The evaluation of the sustainable competitive advantage of the Saudi E-Healthcare System holds paramount importance in guiding informed decision-making and strategic planning within the dynamic healthcare environment. Understanding the system’s strengths and weaknesses through empirical analysis allows stakeholders, including policymakers, healthcare administrators, and technology developers, to identify areas for improvement and leverage competitive advantages effectively. Moreover, this evaluation provides insights into the system’s impact on patient outcomes, technological innovation, and regulatory support. By systematically assessing these dimensions, the study contributes to the broader discourse on the efficacy of digital health initiatives, informing both academic research and practical advancements in healthcare management. Ultimately, the evaluation serves as a crucial tool for ensuring the continued growth, resilience, and relevance of the Saudi E-Healthcare System in an ever-evolving healthcare landscape.

Literature Review

Sustainable competitive advantage of e-healthcare system is one of the important factors that can be used to assess the value, efficiency, and effectiveness of the system. There are various factors observed in previous studies were used for assessing the sustainable competitive advantage. For instance, the regulatory environment, which refers to the legal and policy framework governing the operation of the e-healthcare system, plays a pivotal role in evaluating the sustainable competitive advantage of an e-healthcare system.9,10 A supportive and well-defined regulatory framework fosters innovation, ensures compliance, and establishes a secure foundation for the system’s growth. It influences the system’s adaptability to changing healthcare laws and standards, impacting its long-term viability and competitiveness.

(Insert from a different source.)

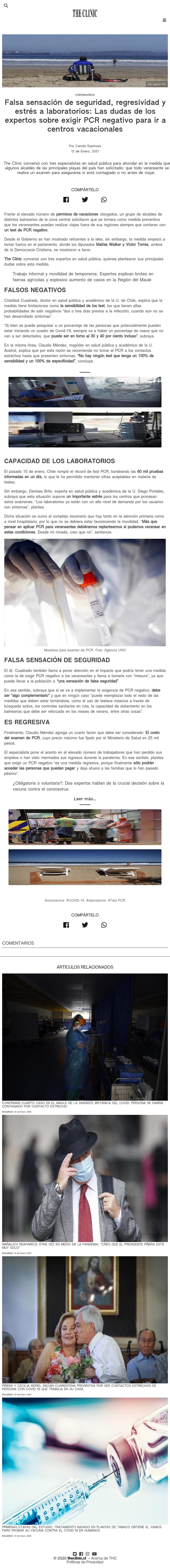 Falsa sensación de seguridad, regresividad y estrés a laboratorios: Las dudas de los expertos sobre exigir PCR negativo para ir a centros vacacionales 12-01-2021 The Clinic The Clinic conversó con tres especialistas en salud pública para ahondar en la medida que algunos alcaldes de las principales playas del país han solicitado: que todo veraneante se realice un examen ... |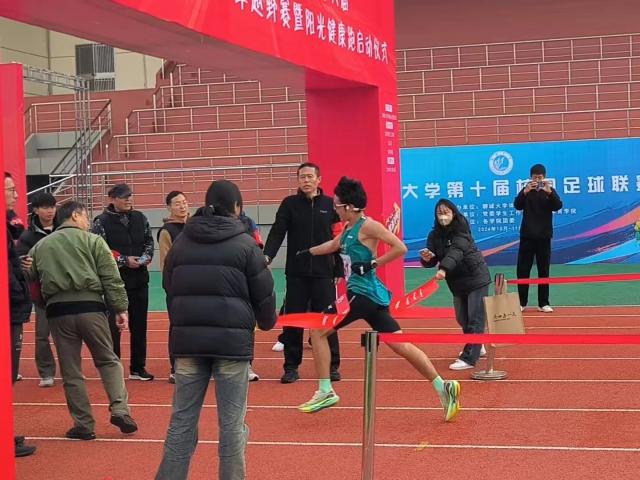 赛程过半,氛围越发激烈,冷空气刺激着参赛者的神经,体力消耗也在消磨意志,但他们仍奋力奔跑,咬牙坚持,始终保持高昂的热情和斗志,不懈向前。沿途有各个学院设置的服务点,为运动员做好补给工作,各学院学生为运动员加油助威,呐喊声和欢呼声响彻赛场。

In addition, robust data security and privacy measures are crucial for building and maintaining trust in an e-healthcare system. The effectiveness of encryption protocols, user authentication, and adherence to privacy regulations directly influences the system’s competitive advantage. A secure system not only safeguards sensitive health information but also attracts and retains users in an era of increasing data concerns.11,12 Another factor, interoperability, which is the ability of the e-healthcare system to exchange and use information seamlessly with other healthcare systems, ensuring compatibility and coordination. Integration involves incorporating the system into the broader healthcare infrastructure to streamline workflows.13–15

Similarly, a robust technological infrastructure forms the backbone of any e-healthcare system. The system’s scalability, reliability, and performance are key factors influencing its long-term competitiveness.16,17 Regular investments in upgrading and maintaining the technological backbone ensure that the system remains at the forefront of healthcare technology advancements. The ability to innovate and adapt to emerging technologies is critical for maintaining a competitive edge. Continuous improvement initiatives, coupled with a culture of innovation, enable the e-healthcare system to stay ahead of evolving healthcare trends and user expectations, contributing to its sustained competitive advantage.18–20 Furthermore, the integration and effective utilization of artificial intelligence (AI) in healthcare processes contribute to efficiency, accuracy, and personalized care. The extent to which an e-healthcare system adopts and harnesses AI technologies can significantly impact its competitive advantage by offering advanced diagnostic tools, predictive analytics, and enhanced decision-making capabilities.21,22

In addition, seamless health information exchange between different entities within the healthcare ecosystem is essential. The effectiveness of the e-healthcare system in facilitating secure and efficient information exchange directly impacts coordinated care and contributes to improved patient outcomes, thus enhancing its competitive position.23 Furthermore, the system’s capability to manage population health by analyzing and utilizing health data at a broader level is crucial. Effective population health management contributes to preventive care, resource optimization, and overall health improvement, positioning the e-healthcare system as a leader in holistic healthcare delivery.24,25

The above discussed factors may affect user experience and accessibility, which are paramount in evaluating the sustainable competitive advantage of an e-healthcare system. An intuitive and user-friendly interface enhances patient and healthcare professional engagement, driving adoption and overall system effectiveness. Accessibility considerations ensure that the benefits of the system are inclusive and reach diverse populations.26,27 In addition, the effectiveness of training and education programs for users, healthcare professionals, and system administrators is instrumental. Well-designed programs ensure that stakeholders are proficient in utilizing the system’s features, maximizing its potential and contributing to sustained competitive advantage.28–30 Finally, financial sustainability is key to the long-term viability of an e-healthcare system. Efficient resource allocation, revenue generation models, and cost-effectiveness contribute to financial resilience, ensuring the system’s ability to adapt and grow amidst evolving healthcare economic landscapes.31,32

Methods

A cross-sectional survey design was adopted in this study. The details of study design are presented in following sections.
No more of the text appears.